O agronegócio é uma das locomotivas da economia brasileira, mas também um setor em que a gestão de riscos e o uso de seguros corporativos ainda precisam se desenvolver.

A chegada de um número cada vez maior grandes empresas internacionais, porém, está ajudando a aumentar a conscientização do setor sobre a gestão de riscos, segundo Eduardo Martins, líder da área de Agronegócios da Marsh.

“No geral, as empresas estão se mostrando mais preocupadas com os riscos”, disse Martins a Risco Seguro Brasil. “O agronegócio é uma atividade de risco, com muitas exposições e bastante volátil.”

Ele notou que a segurança alimentar é uma preocupação em alta no mundo, e isso tem trazido vários grandes players internacionais ao Brasil, especialmente de países como a China e o Japão.

Muitas entram no Brasil comprando terra para produzir e exportar alimentos para seus países de origem. Como o governo pretende liberalizar a venda de terras para entidades estrangeiras, este fluxo de produtos estrangeiros pode se tornar ainda mais firme no futuro.

Um dos lados positivos deste processo é que muitas destas empresas chegam ao Brasil com políticas de gestão de riscos mais maduras que suas rivais nacionais, e podem assim dar um impulso ao desenvolvimento da atividade no setor.

“Essas empresas em geral têm a figura do gerente de riscos administrando seus riscos e programas de seguros”, observou Martins.

Seguros

O executivo disse que o mercado de seguros está buscando prover o agronegócio brasileiro com os instrumentos necessários para complementar políticas de gestão de riscos mais eficientes.

“Antes, o mercado era muito voltado ao produtor rural, que compra um produto de seguros de prateleira, e não atendia a necessidade do lado corporativo”, disse. “Agora estão sendo lançados produtos como o seguro paramétrico, que atende bem mais as necessidades corporativas.”

A Mapfre, com sua parceira com o Banco do Brasil, segue sendo de longe a principal player do setor devido à sua forte presença no seguro rural. Mas outras empresas, como Swiss Re CS e Allianz, também são ativas no agronegócio. Já a Tokio Marine acabou de entrar neste mercado, reforçando a oferta para as empresas do setor, disse Martins.

“O setor está chamando a atenção das seguradoras por seu potencial de crescimento”, disse Martins. “No Brasil, apenas 14% do agronegócio tem algum seguro para cobrir riscos inerentes ao negócio. Nos Estados Unidos, 90% da lavoura está protegida contra algum tipo de risco.”

A Marsh criou uma área especializada em agronegócios no começo de 2016, aglutinando o atendimento às empresas que atuam no setor.

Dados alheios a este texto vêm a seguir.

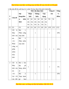 (4) (5) (6) (7) (8) (9) (10) (11) (12) CĐ A: Bài 1. Máy Phần cứng 1 1 10% tính của máy tính em Bài 2. -A1: Phần mềm Phần máy tính 1 cứng và phần 1 1 1 1 25% mềm máy tính 2 CĐ A: Bài 1. Em Máy tập gõ 1 1 5% tính của hàng phím em số -A2: Bài 2: 1 10% Lợi ích Thực hành của việc gõ bàn
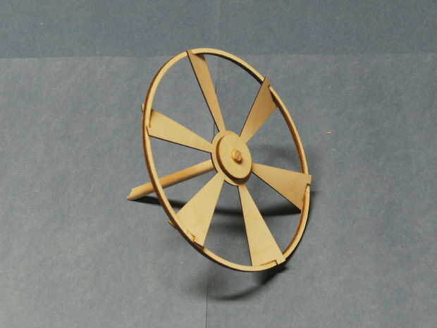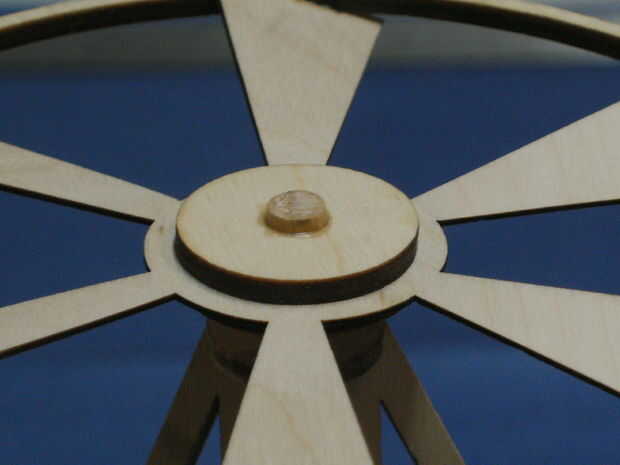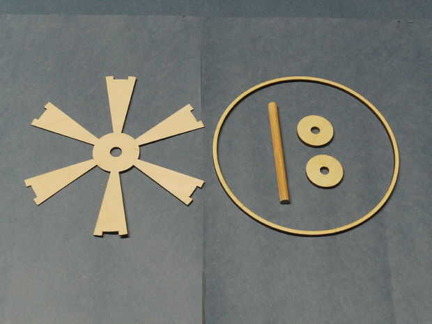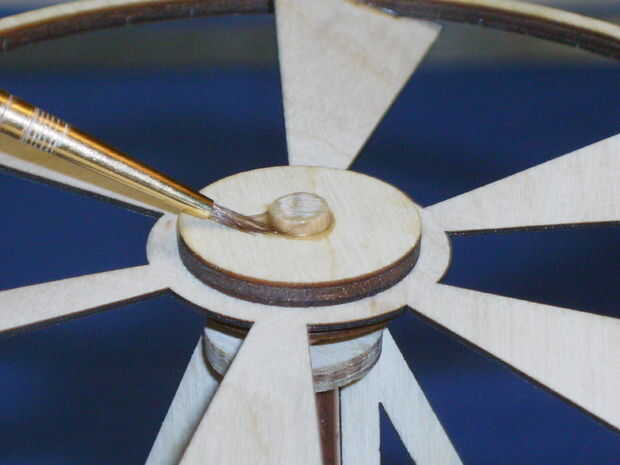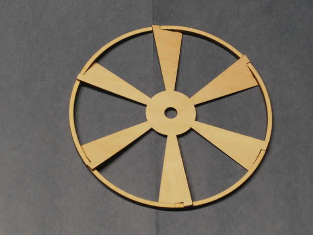 Foto #3 que el borde se une a las paletas del ventilador girando suavemente cada hoja así que lengüetas en el extremo de cada lámina se extiende por el borde, después se pegan los discos de cubo del ventilador uno a cada lado. Luego con una pequeña brocha aplicar un filete pequeño de pegamento por todas partes las aspas del ventilador toca el borde.
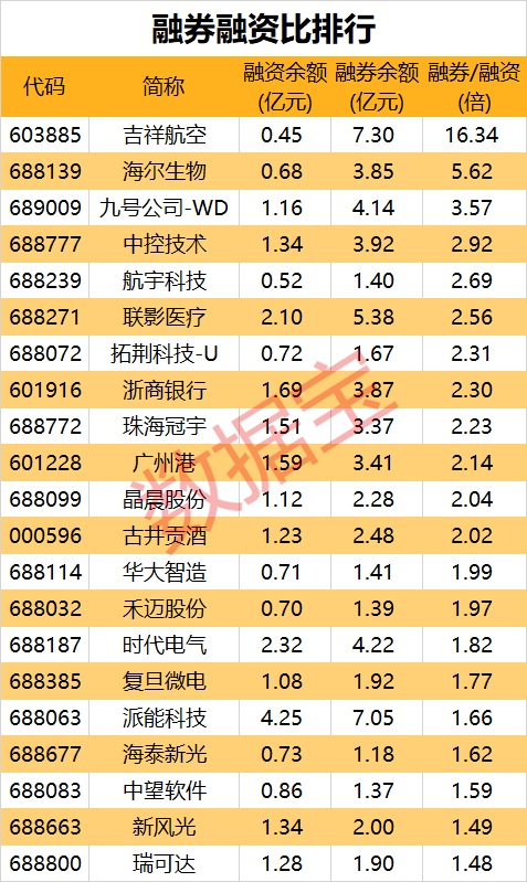 数据宝统计,融券余额超过融资余额的个股中,科创板股票数量较多,合计有27只,占比达到75%。像海尔生物、九号公司-WD、中控技术、航宇科技、联影医疗、拓荆科技-U等融券余额是融资余额2倍的个股,均为科创板公司。

A ideia é oferecer atendimento especializado a toda a cadeia de valor. Isso significa desde companhias que fornecem insumos como os fertilizantes, sementes e defensivos agrícolas, até as agroindústrias e as empresas de trading.

“Enxergamos uma necessidade de soluções corporativas em um setor onde as soluções de seguros sempre foram muito voltadas ao produtor rural”, afirmou.

Nova unidade

O principal risco enfrentado pelo setor é o de eventos climáticos e pragas e doenças que ameaçam a colheita, problemas que tiveram um forte efeito no setor no ano passado.

Mas fatores macroeconômicos como a taxa de inflação, variação cambial, a política fiscal e a instabilidade econômica também exercem um efeito importante nos vários estágios da cadeia de produção.

É neste conjunto de riscos que entra o mercado internacional, cuja influência sobre o agronegócio foi ilustrada com força com a reação de diversos mercados, que bloquearam as importações de carne brasileira após a eclosão da Operação Carne Fraca.

O terceiro pilar das ameaças enfrentadas pelo setor é constituído pelos riscos operacionais. Neste âmbito, Martins ressalta a logística como um fator que costumeiramente traz dores de cabeça para as empresas de agronegócio.

“Estima-se que as perdas de transporte sofridas pelo agronegócio cheguem a US$ 4 bilhões por ano”, afirmou o executivo. “Isso acaba encarecendo toda a cadeia de valor.” Segundo Martins, os riscos logísticos equivalem a 15% do faturamento das empresas de agronegócio brasileiras. Nos Estados Unidos, o número é menor que 9%.